*** INFORMATION ***

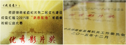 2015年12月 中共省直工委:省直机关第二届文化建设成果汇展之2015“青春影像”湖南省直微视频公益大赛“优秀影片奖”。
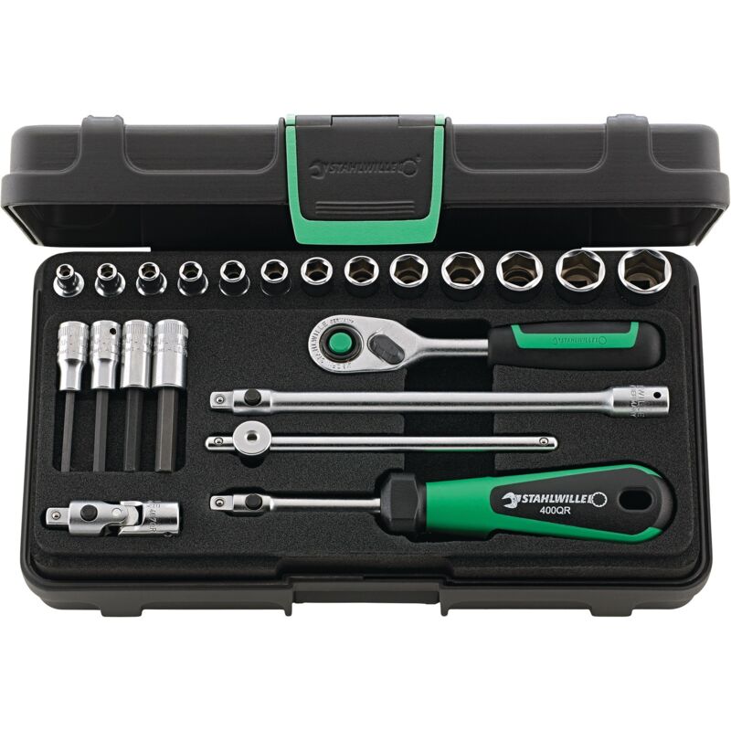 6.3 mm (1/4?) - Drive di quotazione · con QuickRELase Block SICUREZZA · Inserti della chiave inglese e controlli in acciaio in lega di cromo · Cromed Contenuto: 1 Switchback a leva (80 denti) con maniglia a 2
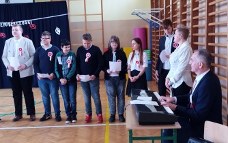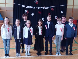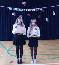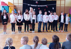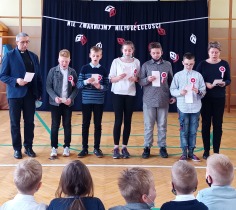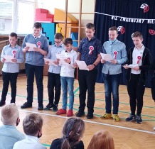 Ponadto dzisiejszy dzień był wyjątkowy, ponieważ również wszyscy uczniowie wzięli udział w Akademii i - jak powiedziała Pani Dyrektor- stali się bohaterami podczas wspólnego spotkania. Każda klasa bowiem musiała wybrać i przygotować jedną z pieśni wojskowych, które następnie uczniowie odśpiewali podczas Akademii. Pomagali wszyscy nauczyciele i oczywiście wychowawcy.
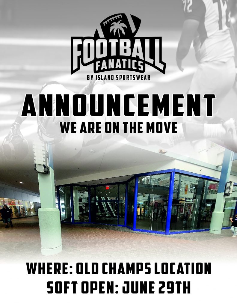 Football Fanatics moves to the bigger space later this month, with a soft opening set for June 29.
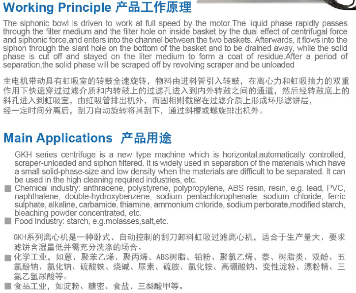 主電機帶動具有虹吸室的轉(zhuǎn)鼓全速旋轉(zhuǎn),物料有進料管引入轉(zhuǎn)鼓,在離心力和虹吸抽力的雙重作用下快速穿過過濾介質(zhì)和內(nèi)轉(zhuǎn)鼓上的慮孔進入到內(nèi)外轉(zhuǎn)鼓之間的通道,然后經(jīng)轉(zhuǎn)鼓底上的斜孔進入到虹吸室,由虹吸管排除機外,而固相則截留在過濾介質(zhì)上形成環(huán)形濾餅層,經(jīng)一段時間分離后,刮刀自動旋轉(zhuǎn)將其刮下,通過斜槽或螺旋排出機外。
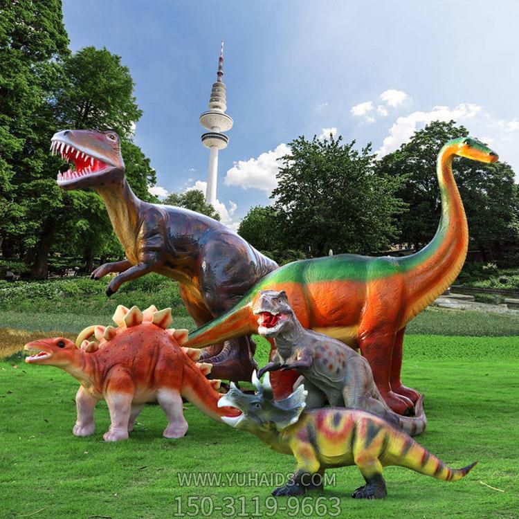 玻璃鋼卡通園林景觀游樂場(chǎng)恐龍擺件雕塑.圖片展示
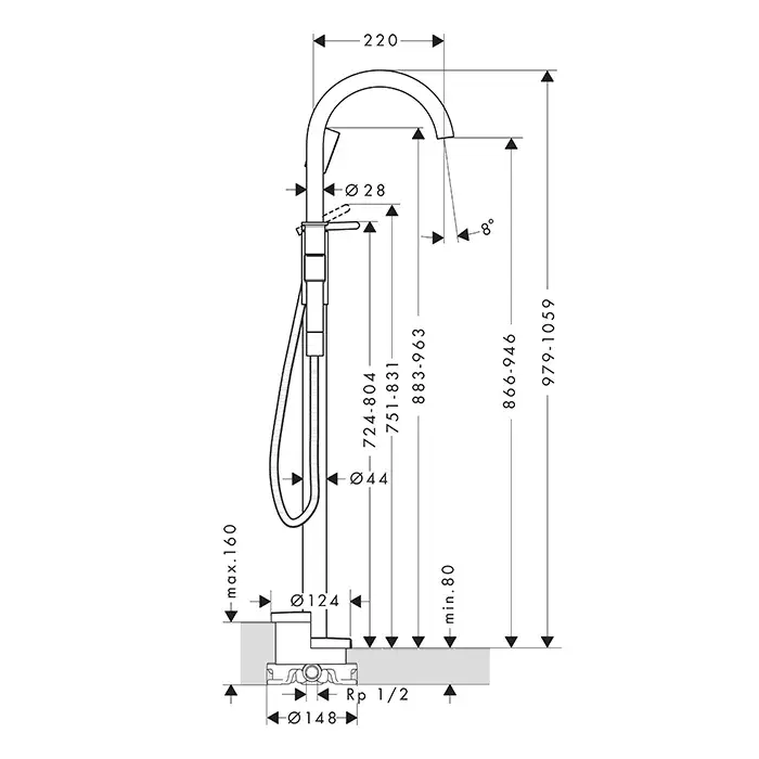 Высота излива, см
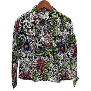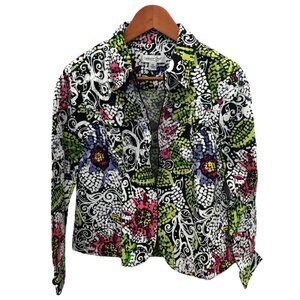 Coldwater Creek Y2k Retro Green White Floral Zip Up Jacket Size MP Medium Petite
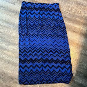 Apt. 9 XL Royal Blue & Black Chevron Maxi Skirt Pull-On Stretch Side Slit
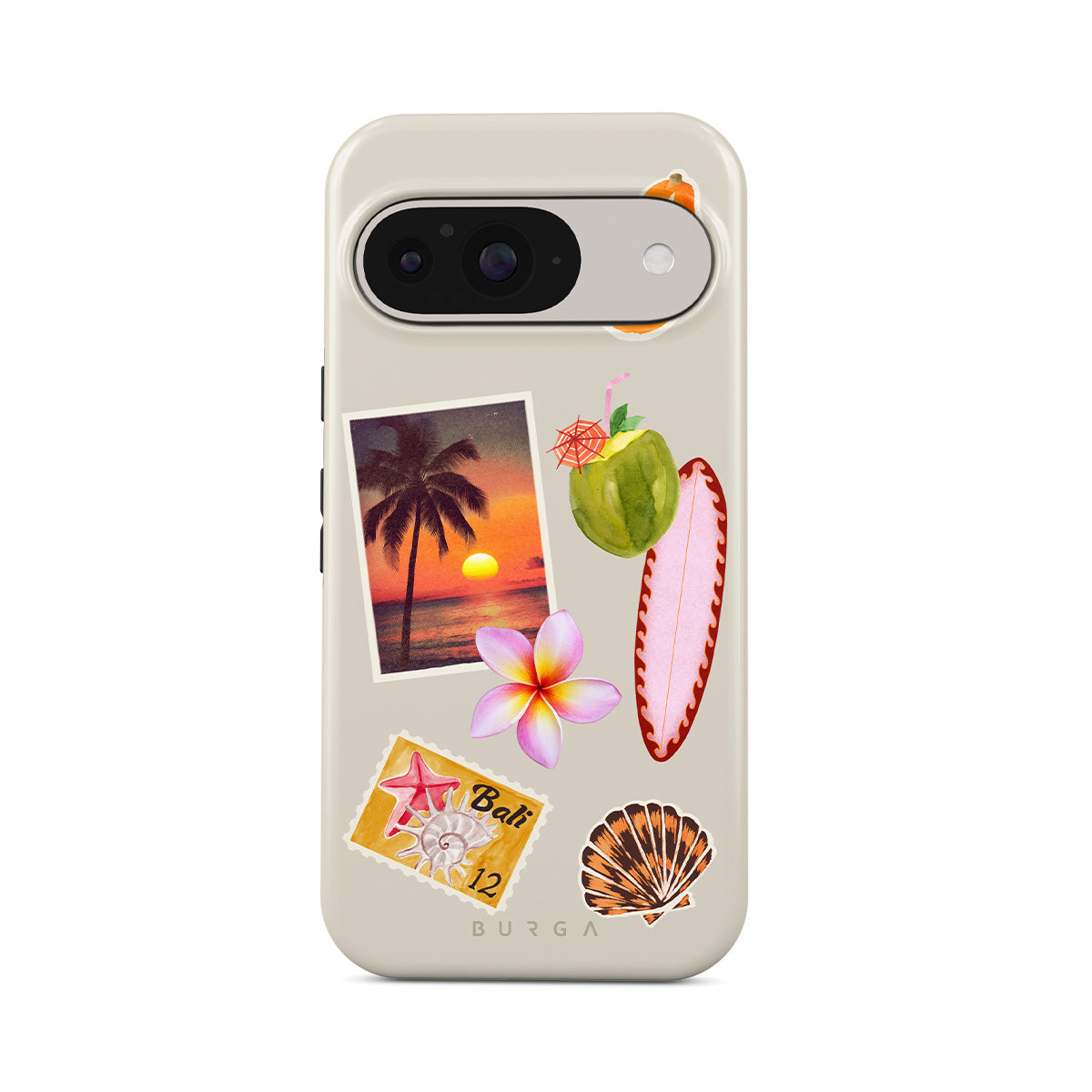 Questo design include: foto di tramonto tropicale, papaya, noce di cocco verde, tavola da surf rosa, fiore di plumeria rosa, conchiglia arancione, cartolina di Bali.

*** End of INFORMATION ***

Pictures stay out; everything else in the records above gets copied exactly.

 2015年12月 中共省直工委:省直机关第二届文化建设成果汇展之2015“青春影像”湖南省直微视频公益大赛“优秀影片奖”。
 6.3 mm (1/4?) - Drive di quotazione · con QuickRELase Block SICUREZZA · Inserti della chiave inglese e controlli in acciaio in lega di cromo · Cromed Contenuto: 1 Switchback a leva (80 denti) con maniglia a 2
 Ponadto dzisiejszy dzień był wyjątkowy, ponieważ również wszyscy uczniowie wzięli udział w Akademii i - jak powiedziała Pani Dyrektor- stali się bohaterami podczas wspólnego spotkania. Każda klasa bowiem musiała wybrać i przygotować jedną z pieśni wojskowych, które następnie uczniowie odśpiewali podczas Akademii. Pomagali wszyscy nauczyciele i oczywiście wychowawcy.
 Football Fanatics moves to the bigger space later this month, with a soft opening set for June 29.
 主電機帶動具有虹吸室的轉(zhuǎn)鼓全速旋轉(zhuǎn),物料有進料管引入轉(zhuǎn)鼓,在離心力和虹吸抽力的雙重作用下快速穿過過濾介質(zhì)和內(nèi)轉(zhuǎn)鼓上的慮孔進入到內(nèi)外轉(zhuǎn)鼓之間的通道,然后經(jīng)轉(zhuǎn)鼓底上的斜孔進入到虹吸室,由虹吸管排除機外,而固相則截留在過濾介質(zhì)上形成環(huán)形濾餅層,經(jīng)一段時間分離后,刮刀自動旋轉(zhuǎn)將其刮下,通過斜槽或螺旋排出機外。
 玻璃鋼卡通園林景觀游樂場(chǎng)恐龍擺件雕塑.圖片展示
 Высота излива, см
 Coldwater Creek Y2k Retro Green White Floral Zip Up Jacket Size MP Medium Petite
 Apt. 9 XL Royal Blue & Black Chevron Maxi Skirt Pull-On Stretch Side Slit
 Questo design include: foto di tramonto tropicale, papaya, noce di cocco verde, tavola da surf rosa, fiore di plumeria rosa, conchiglia arancione, cartolina di Bali.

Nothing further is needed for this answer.